I kept my back to Grace, letting silence be my answer.
F
eeling like an ass, I stared at the door. I could feel Grace’s disapproval on my back like a hot sun. Her sighs, her little ticks of disapproval, didn’t go unnoticed. Far from it. Still, I didn’t turn around. Instead, I turned the knob. Just as I was about to open the door, Eli burst through like something out of a fifties TV show.
“Honey I’m home! Sorry about all the late nights. This new professor is really—” His eyes landed on me and stopped dead. “Zombie!” Eli yelled, pointing. “Zombie!” he said again, falling against the door he’d just come through. I raised my brow and looked at Grace, but she was already walking toward him.
“It’s not a zombie, it’s Vic.”
“Vic is dead!” Eli shouted, looking around Grace’s slight frame and at me. I looked down at my body again. I was still covered in blood and looked like death; I was supposed to be dead. I could see where Eli was coming from.
“Keep your voice down,” Grace said. Turning to me, she explained. “We’ve been watchin’ a lot of The Walkin’ Dead recently.” She turned back to Eli. “Don’t make it true!”
“Well what the fuck?”
“Don’t you cuss at me!”
“The dead has shown up in my goddamn living room; I will cuss if the situation permits it, Bug!” Shrugging, Grace took her hands off Eli and allowed him entry. I wasn’t sure what to say.
Hey, I’m not a Zombie, but I’m not alive
didn’t sound too great.
We all stood in awkward limbo. No one sat down, but we didn’t make ourselves comfortable either.

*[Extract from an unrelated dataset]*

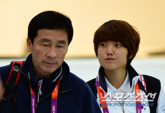 김장미(사진오른쪽)가 29일 오전(현지시간) 영국 런던 그리니치파크 왕립 포병대 기지 사격장에서 열린 여자 10m 공기권총 예선에서 결승진출에 실패하자 아쉬운 표정으로 사격장을 나서고 있다.
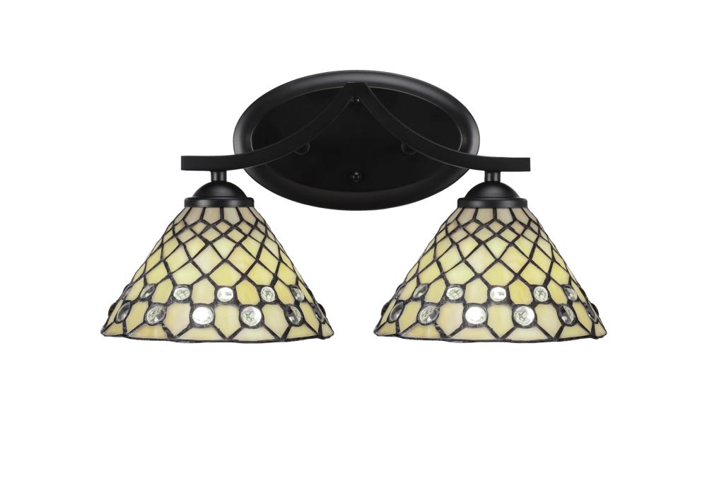 Toltec Lighting 552-MB-9415 Zilo 2 Light Bath Bar Shown In Matte Black Finish With 7 Starlight Art Glass

“Well, is someone gonna say somethin’?” Eli asked.
“I should go,” I said.
“The hell you should,” Eli said.
“Look, I came here to see Lenny,” I explained. “I’m not here to start playing charades and acting like family again. I shouldn’t have come.”
“Maybe not,” Grace said. “But you did, and you have to face that. Running away ain’t gonna solve nothing.”
“I’m not running,” I snarled. I’d crawled out of the grave to make sure everyone I loved lived a peaceful life. That wasn’t running. Maybe it wasn’t good. Maybe it wasn’t honorable. But it sure as fuck wasn’t running.
“Sure looks like it,” Eli said under his breath.
“Mind your own business,” I growled.
“I will mind my business when said business isn’t showin’ up bloody and lookin’ like death in my own goddamn living room.” Eli stepped to me, jaw clenched. He was a few inches taller, but that didn’t make him any meaner than the demons I’d just faced. I tightened my fists, meeting his stare eye for eye.
And the minute I looked into his eyes, my steam ran out. He was protecting his home, protecting Lenny even. Like the soldiers who’d died first, he had honor. It felt odd staring into the eyes of someone with honor. For the past few years I’d been looking into nothing, staring down men and women whose gaze reflected the abyss they lived and reveled in.
Shaking my head, I left, muffling their protestations with the door.